In case you hadn’t heard, there has just been a terror attack in Jerusalem: a gunman infiltrated a yeshiva and opened fire on a crowd of teenagers in the dining hall:
Witnesses said that only one terrorist had entered the building and that he managed to fire 500-600 bullets over the course of 10 minutes before he was killed.
It is unclear at the moment which of the myriad Palestinian terror groups perpetrated the attack, but Hamas thought it would be a good idea to get its two cents into the news coverage post-haste:
“We bless the (Jerusalem) operation. It will not be the last,” Hamas said in a statement.
It is safe to say in this regard that many Gazans share Hamas’ sense of good fortune:
Gaza’s streets filled with joyous crowds of thousands on Thursday evening following the terror attack at a Jerusalem rabbinical seminary in which eight people were killed. In mosques in Gaza City and northern Gaza, many residents went to perform the prayers of thanksgiving. Armed men fired in the air in celebration and others passed out sweets to passersby.

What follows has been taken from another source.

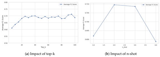 The impact of top-k responses and n-shot respondents on the model’s performance, as measured by F1-Score. (a) The average F1-Score trend across different top-k values (ranging from 5 to 100) shows that performance generally increases until top-k reaches 25, after which the scores plateau with minimal improvements. (b) The average F1-Score trend across different n-shot values (ranging from 1 to 4) indicates that the highest performance is achieved at 2-shot, with scores slightly declining as n-shot increases beyond this point.

Note that this is the terror group, implacably devoted to bloodshed and murder, that a number of American foreign policy elites have been lecturing the Bush administration and the Olmert government to “diplomatically engage.”

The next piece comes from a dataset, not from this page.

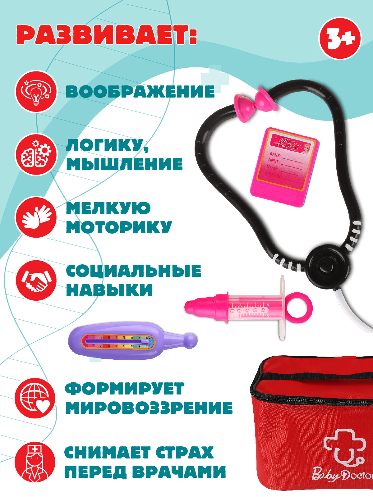 СохранитьИгровой набор Доктор в сумочке, JB0203805 интересное:

And now we have Mahmoud Abbas making his Arafat-esque perfunctory denunciation:
“President Mahmoud Abbas condemns the attack in Jerusalem that claimed the lives of many Israelis and he reiterated his condemnation of all attacks that target civilians, whether they are Palestinians or Israelis,” said Abbas aide Saeb Erekat.

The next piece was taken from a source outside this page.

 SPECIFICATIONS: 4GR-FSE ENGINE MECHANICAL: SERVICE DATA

Abbas is a man in the habit of condemning specific acts of terrorism, but honoring and celebrating terrorism and terrorists generally–especially in Arabic. When George Habash died — the founder of the PFLP (Popular Front for the Liberation of Palestine) and an unapologetic celebrator of savagery against Jews — Abbas ordered the PA’s flags to half-mast for three days. Abbas’s state-run television station shows maps of “Palestine” with Israel eradicated, and he refers in speeches intended for domestic consumption to the glories of martyrdom. Abu Mazen has a long way to go before rivaling his predecessor in this kind of doublespeak, but he is certainly headed in the right direction.